• **THE TASK**:
Print only the lines from the one with "8月27日,江西省德興市新崗" through the end of the data, exactly, and please omit pictures.

• **AVAILABLE DATA**:
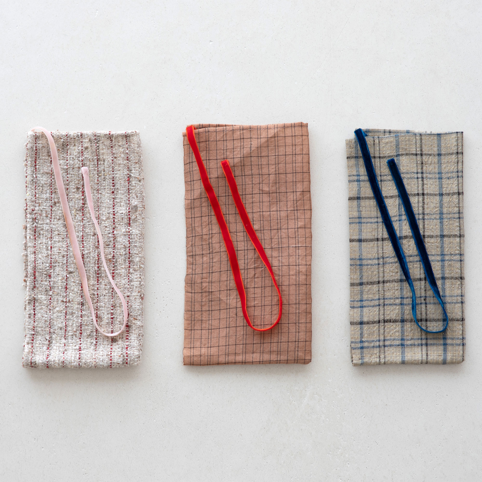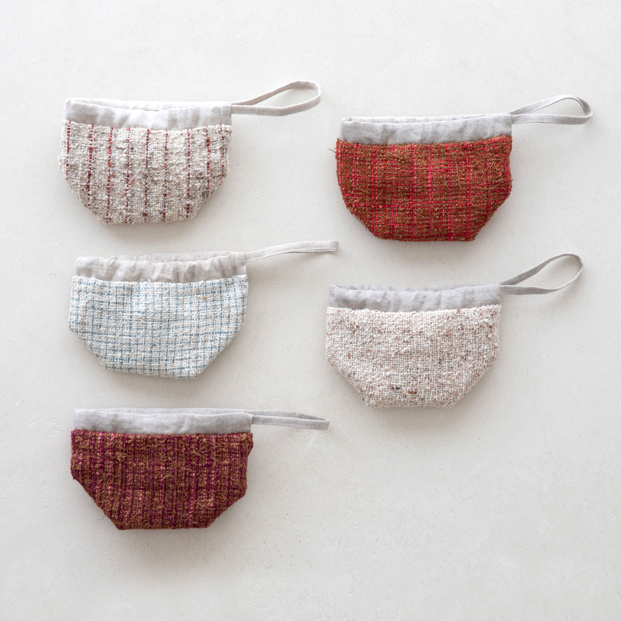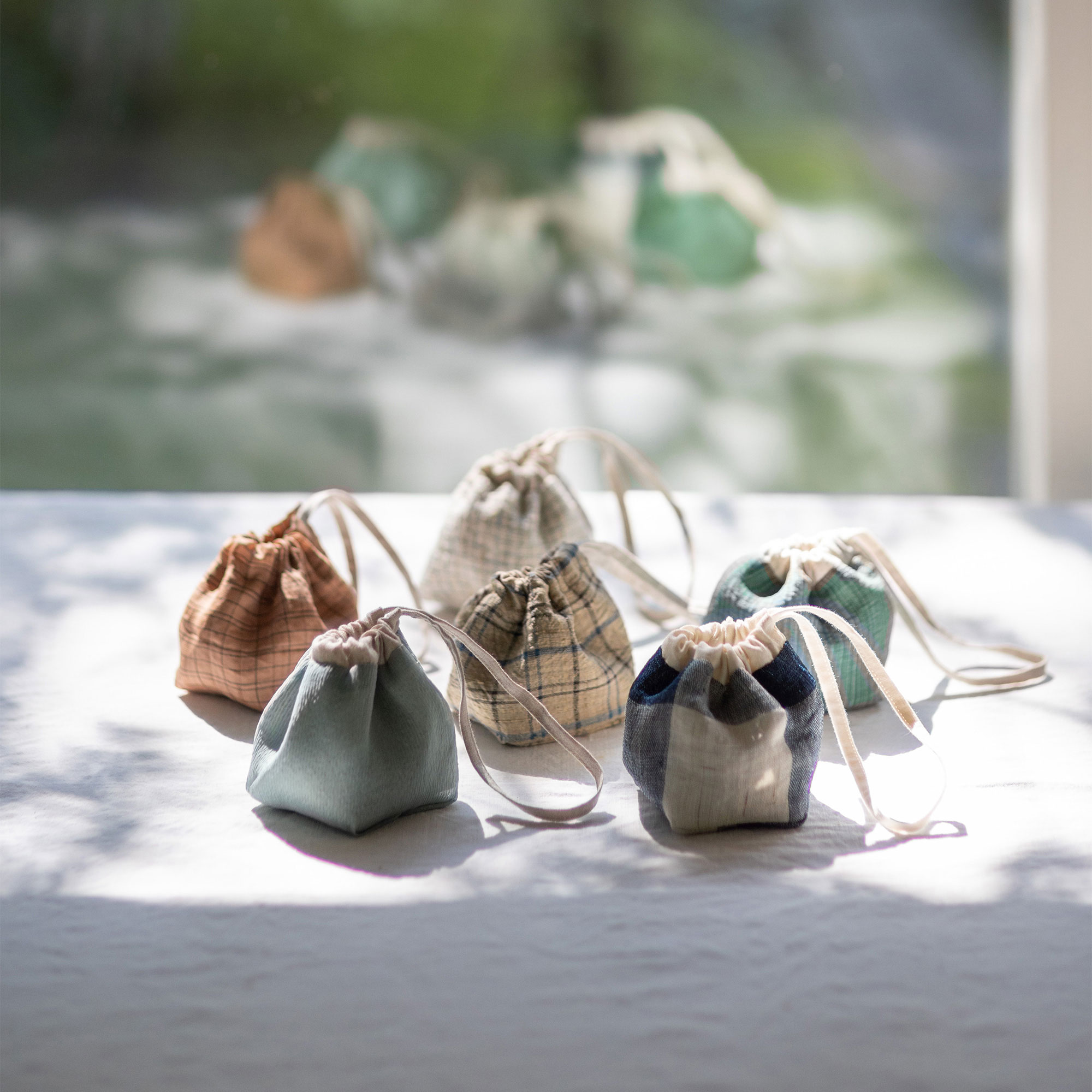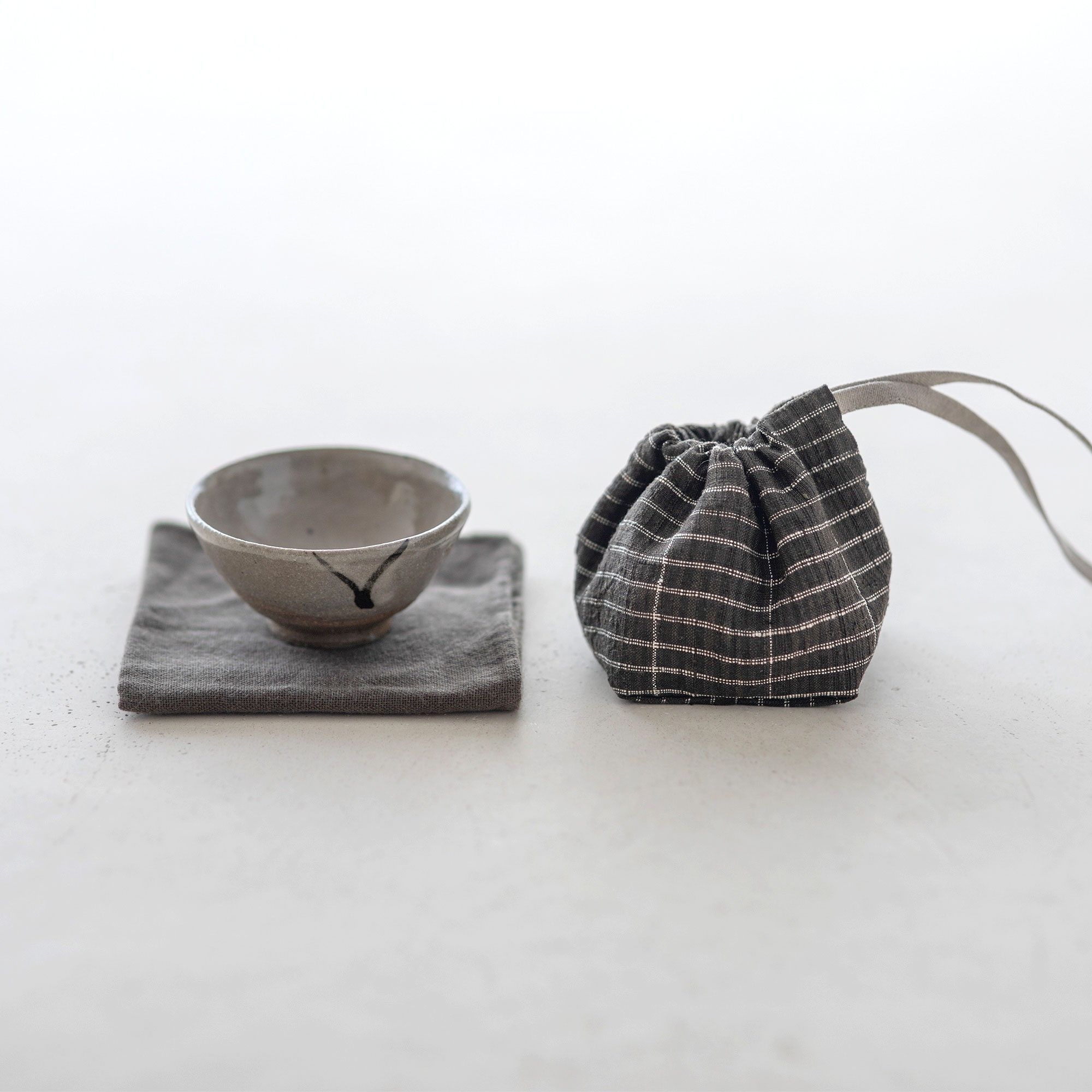 2年前に、小灯ではサロンと酒器袋展を開催し、サロンを履いた時の心地よさや表情を、お気に入りの器に纏わせる酒器袋を作っていただきました。今回はさらに、紐付き綴じ
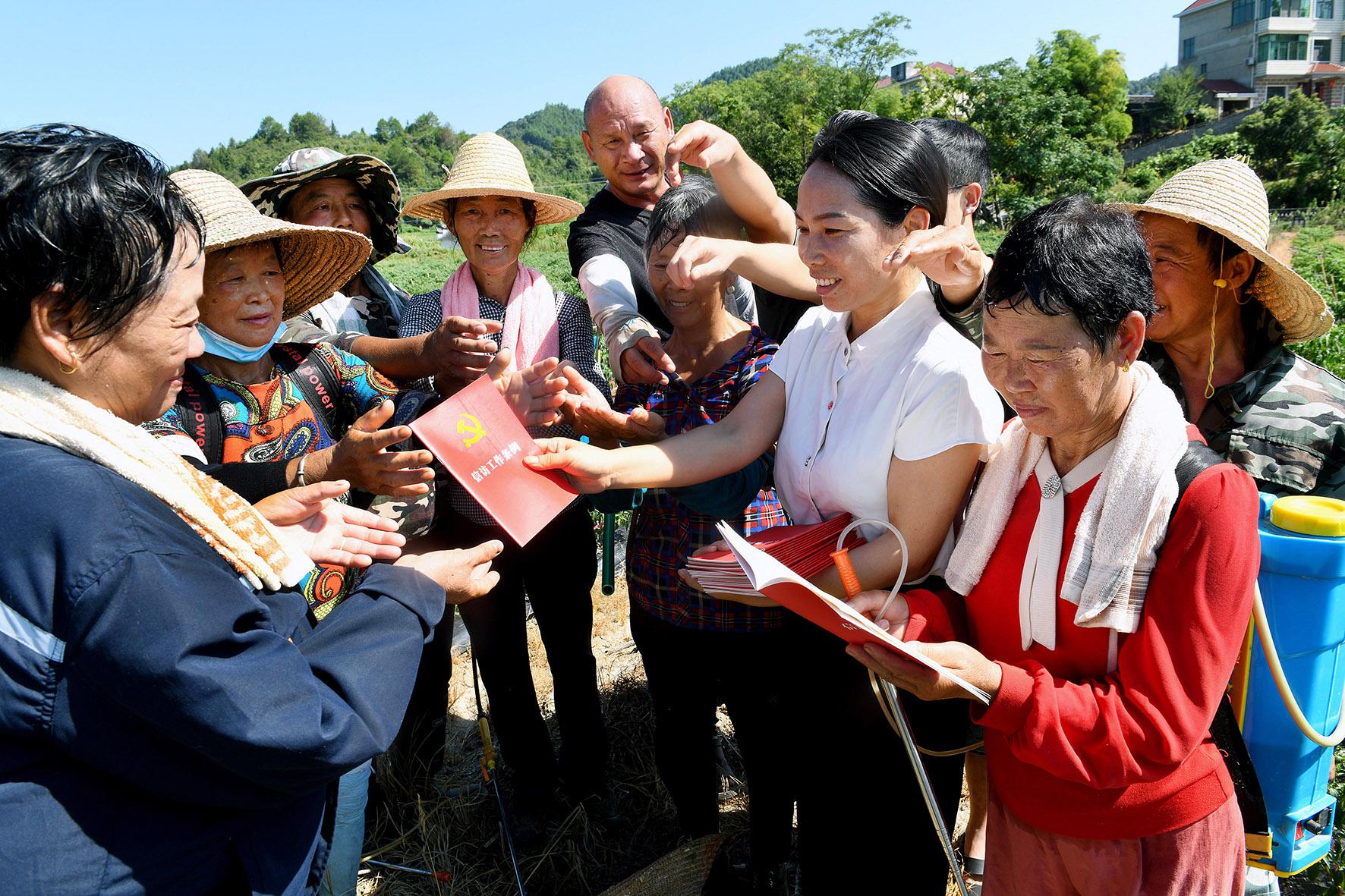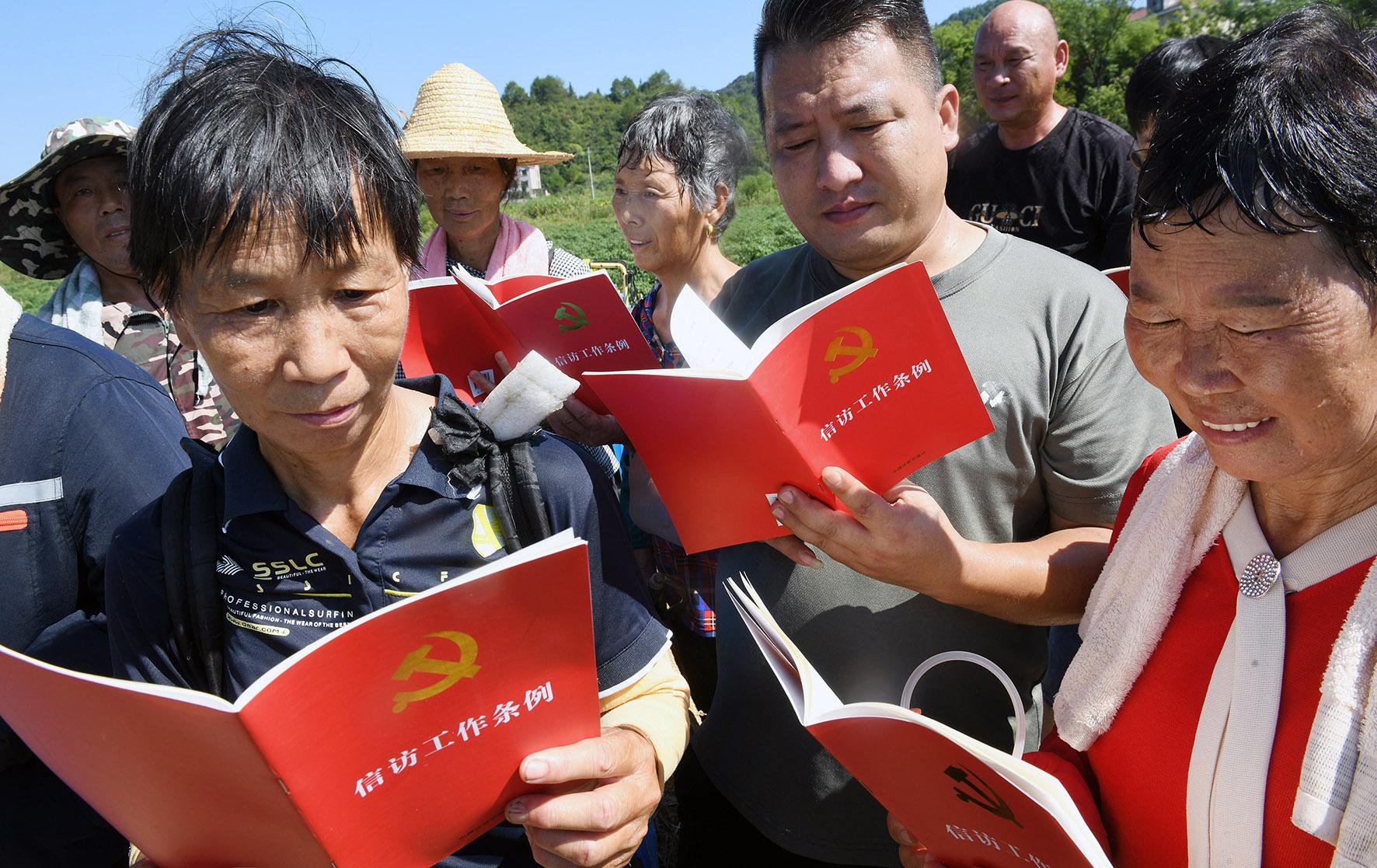 8月27日,江西省德興市新崗山鎮(zhèn)信訪干部在西坑村田間地頭,現(xiàn)場分發(fā)《信訪工作條例》,引導(dǎo)村民依法信訪。
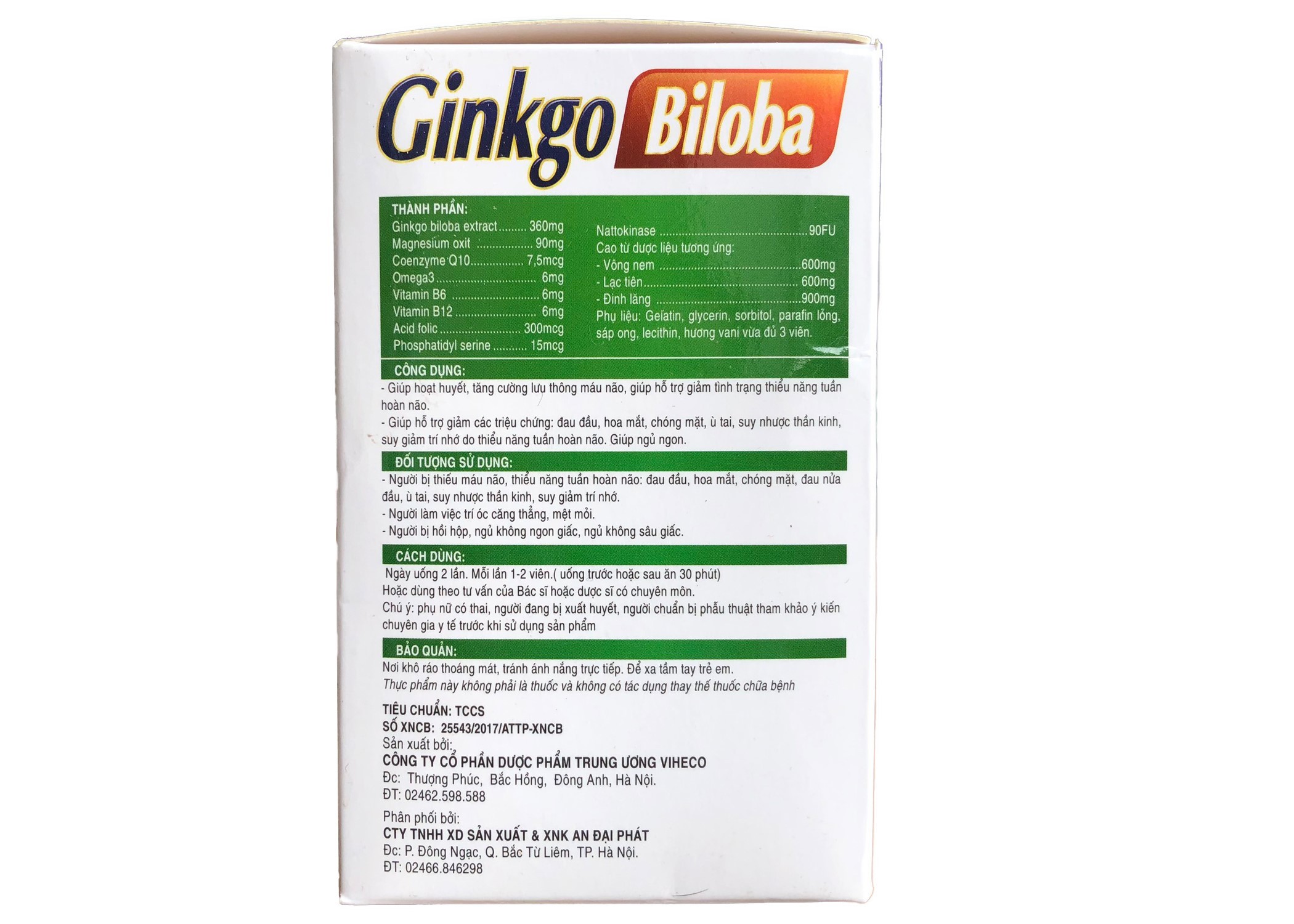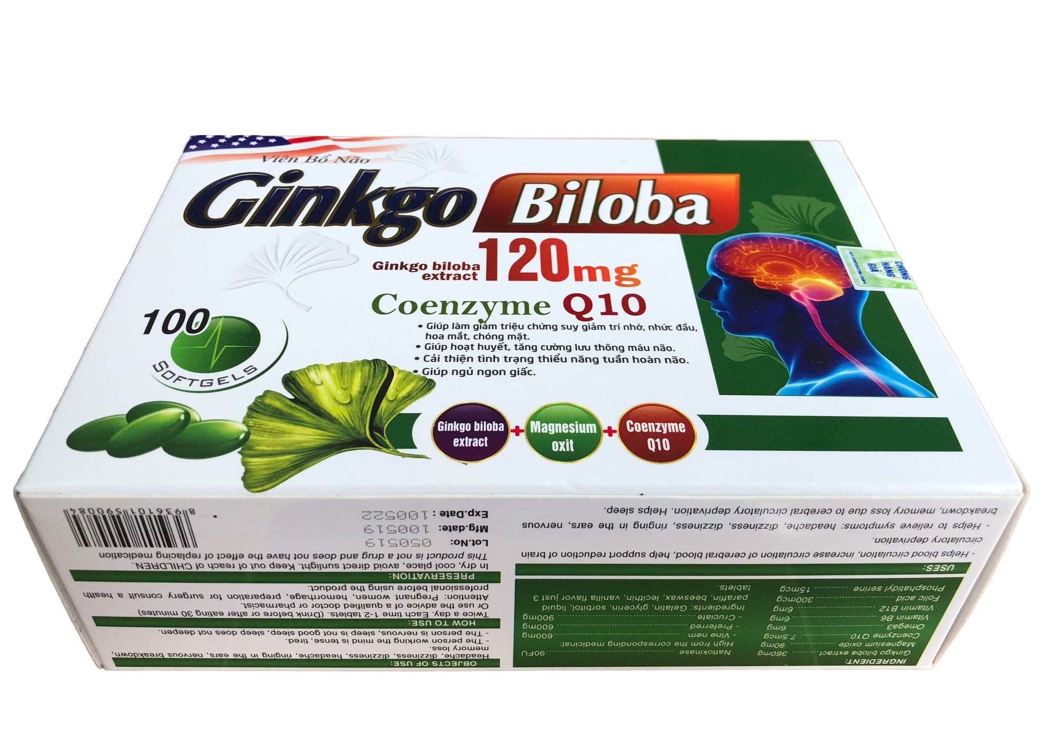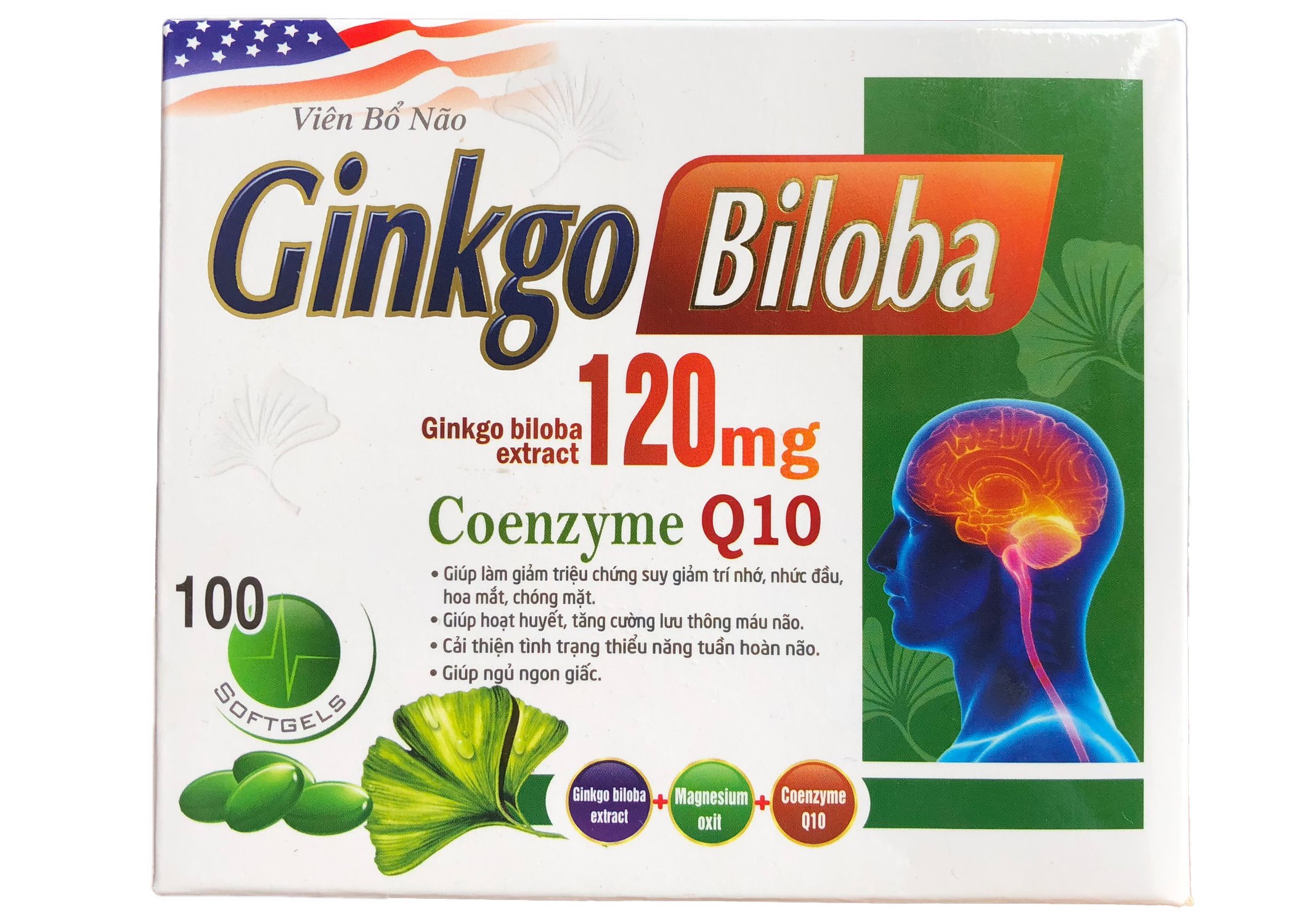 Viên Bổ Não Ginkgo Biloba Q10 hộp 100v

• **SOLUTION TO THE EXERCISE**:
 8月27日,江西省德興市新崗山鎮(zhèn)信訪干部在西坑村田間地頭,現(xiàn)場分發(fā)《信訪工作條例》,引導(dǎo)村民依法信訪。
 Viên Bổ Não Ginkgo Biloba Q10 hộp 100v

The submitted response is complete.